Of all the entries below, retype only the lines from the one with "Die 50 m² große" through the one with "重量級であり絶対的に機器の高", exactly as they appear.

**Data for analysis**
=== Begin Enclosure ===

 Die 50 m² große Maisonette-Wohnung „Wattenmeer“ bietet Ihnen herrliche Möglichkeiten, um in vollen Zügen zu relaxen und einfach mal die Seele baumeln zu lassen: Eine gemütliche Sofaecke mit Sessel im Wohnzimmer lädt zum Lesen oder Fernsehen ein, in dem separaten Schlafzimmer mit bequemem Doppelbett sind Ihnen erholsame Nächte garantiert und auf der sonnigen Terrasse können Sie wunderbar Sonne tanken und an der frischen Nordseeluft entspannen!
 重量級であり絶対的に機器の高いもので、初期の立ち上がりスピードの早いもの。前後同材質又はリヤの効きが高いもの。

=== End Enclosure ===
=== Begin Enclosure ===

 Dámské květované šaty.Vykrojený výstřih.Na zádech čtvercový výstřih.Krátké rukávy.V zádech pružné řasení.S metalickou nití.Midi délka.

=== End Enclosure ===
=== Begin Enclosure ===

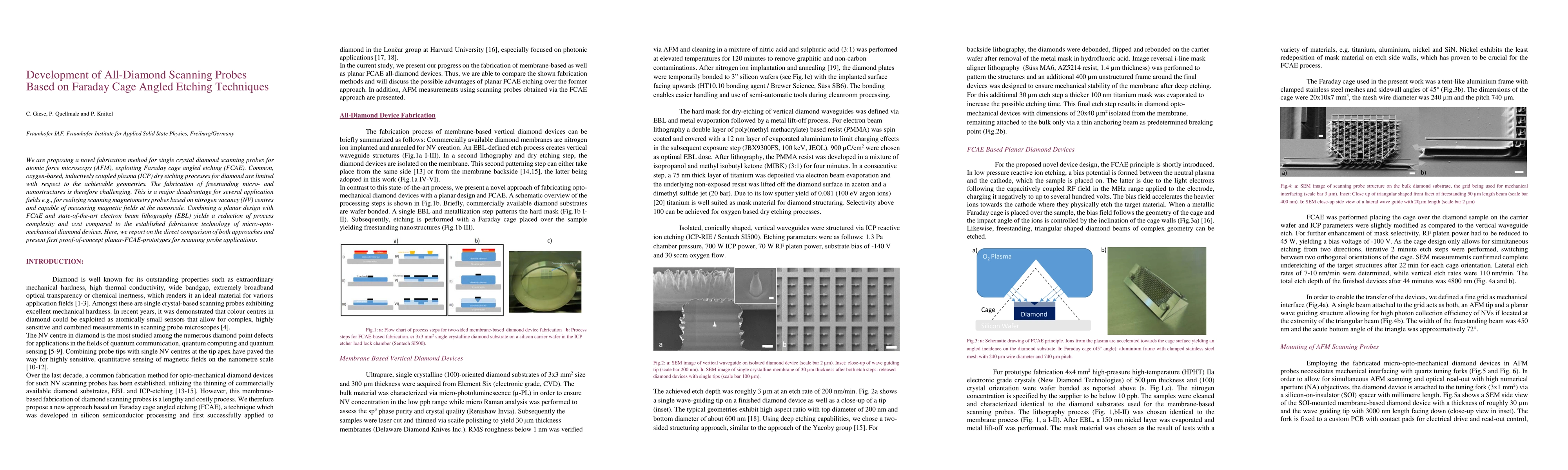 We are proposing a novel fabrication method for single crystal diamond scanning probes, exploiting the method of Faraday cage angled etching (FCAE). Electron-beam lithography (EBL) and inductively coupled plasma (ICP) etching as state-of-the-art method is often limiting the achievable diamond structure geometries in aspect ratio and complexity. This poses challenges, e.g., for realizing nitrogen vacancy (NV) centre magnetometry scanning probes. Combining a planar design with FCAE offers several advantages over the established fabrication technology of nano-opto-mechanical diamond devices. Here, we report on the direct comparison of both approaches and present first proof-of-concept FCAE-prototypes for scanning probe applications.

=== End Enclosure ===

**Result for this task**
 Die 50 m² große Maisonette-Wohnung „Wattenmeer“ bietet Ihnen herrliche Möglichkeiten, um in vollen Zügen zu relaxen und einfach mal die Seele baumeln zu lassen: Eine gemütliche Sofaecke mit Sessel im Wohnzimmer lädt zum Lesen oder Fernsehen ein, in dem separaten Schlafzimmer mit bequemem Doppelbett sind Ihnen erholsame Nächte garantiert und auf der sonnigen Terrasse können Sie wunderbar Sonne tanken und an der frischen Nordseeluft entspannen!
 重量級であり絶対的に機器の高いもので、初期の立ち上がりスピードの早いもの。前後同材質又はリヤの効きが高いもの。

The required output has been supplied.